**EXERCISE BRIEF**. The result must match the data exactly, line for line.

**PROVIDED MATERIAL**.
········
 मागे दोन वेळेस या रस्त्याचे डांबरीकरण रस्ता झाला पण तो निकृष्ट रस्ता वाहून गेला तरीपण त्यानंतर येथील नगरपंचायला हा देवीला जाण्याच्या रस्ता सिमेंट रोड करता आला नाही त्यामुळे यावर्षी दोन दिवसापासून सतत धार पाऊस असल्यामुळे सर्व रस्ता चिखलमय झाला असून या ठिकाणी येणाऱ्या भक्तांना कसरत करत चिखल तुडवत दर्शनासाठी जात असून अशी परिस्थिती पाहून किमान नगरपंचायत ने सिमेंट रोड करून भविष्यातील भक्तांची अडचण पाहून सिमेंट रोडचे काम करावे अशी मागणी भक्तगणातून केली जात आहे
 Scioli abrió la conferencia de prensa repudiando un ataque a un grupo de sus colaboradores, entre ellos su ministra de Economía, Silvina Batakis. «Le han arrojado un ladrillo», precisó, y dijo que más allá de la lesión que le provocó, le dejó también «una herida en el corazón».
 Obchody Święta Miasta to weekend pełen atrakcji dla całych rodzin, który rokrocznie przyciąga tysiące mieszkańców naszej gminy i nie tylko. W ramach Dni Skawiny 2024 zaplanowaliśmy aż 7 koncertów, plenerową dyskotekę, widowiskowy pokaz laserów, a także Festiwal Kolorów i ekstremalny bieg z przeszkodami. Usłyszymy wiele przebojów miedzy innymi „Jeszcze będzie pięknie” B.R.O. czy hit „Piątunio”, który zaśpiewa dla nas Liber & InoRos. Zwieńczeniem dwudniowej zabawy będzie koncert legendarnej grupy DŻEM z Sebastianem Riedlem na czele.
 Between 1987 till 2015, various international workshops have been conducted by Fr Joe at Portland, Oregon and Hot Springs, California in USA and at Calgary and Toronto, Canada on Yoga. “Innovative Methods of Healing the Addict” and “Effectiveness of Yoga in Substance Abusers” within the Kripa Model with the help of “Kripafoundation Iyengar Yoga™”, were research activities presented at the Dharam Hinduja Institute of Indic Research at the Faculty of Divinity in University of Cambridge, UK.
········
**REPLY**.
 मागे दोन वेळेस या रस्त्याचे डांबरीकरण रस्ता झाला पण तो निकृष्ट रस्ता वाहून गेला तरीपण त्यानंतर येथील नगरपंचायला हा देवीला जाण्याच्या रस्ता सिमेंट रोड करता आला नाही त्यामुळे यावर्षी दोन दिवसापासून सतत धार पाऊस असल्यामुळे सर्व रस्ता चिखलमय झाला असून या ठिकाणी येणाऱ्या भक्तांना कसरत करत चिखल तुडवत दर्शनासाठी जात असून अशी परिस्थिती पाहून किमान नगरपंचायत ने सिमेंट रोड करून भविष्यातील भक्तांची अडचण पाहून सिमेंट रोडचे काम करावे अशी मागणी भक्तगणातून केली जात आहे
 Scioli abrió la conferencia de prensa repudiando un ataque a un grupo de sus colaboradores, entre ellos su ministra de Economía, Silvina Batakis. «Le han arrojado un ladrillo», precisó, y dijo que más allá de la lesión que le provocó, le dejó también «una herida en el corazón».
 Obchody Święta Miasta to weekend pełen atrakcji dla całych rodzin, który rokrocznie przyciąga tysiące mieszkańców naszej gminy i nie tylko. W ramach Dni Skawiny 2024 zaplanowaliśmy aż 7 koncertów, plenerową dyskotekę, widowiskowy pokaz laserów, a także Festiwal Kolorów i ekstremalny bieg z przeszkodami. Usłyszymy wiele przebojów miedzy innymi „Jeszcze będzie pięknie” B.R.O. czy hit „Piątunio”, który zaśpiewa dla nas Liber & InoRos. Zwieńczeniem dwudniowej zabawy będzie koncert legendarnej grupy DŻEM z Sebastianem Riedlem na czele.
 Between 1987 till 2015, various international workshops have been conducted by Fr Joe at Portland, Oregon and Hot Springs, California in USA and at Calgary and Toronto, Canada on Yoga. “Innovative Methods of Healing the Addict” and “Effectiveness of Yoga in Substance Abusers” within the Kripa Model with the help of “Kripafoundation Iyengar Yoga™”, were research activities presented at the Dharam Hinduja Institute of Indic Research at the Faculty of Divinity in University of Cambridge, UK.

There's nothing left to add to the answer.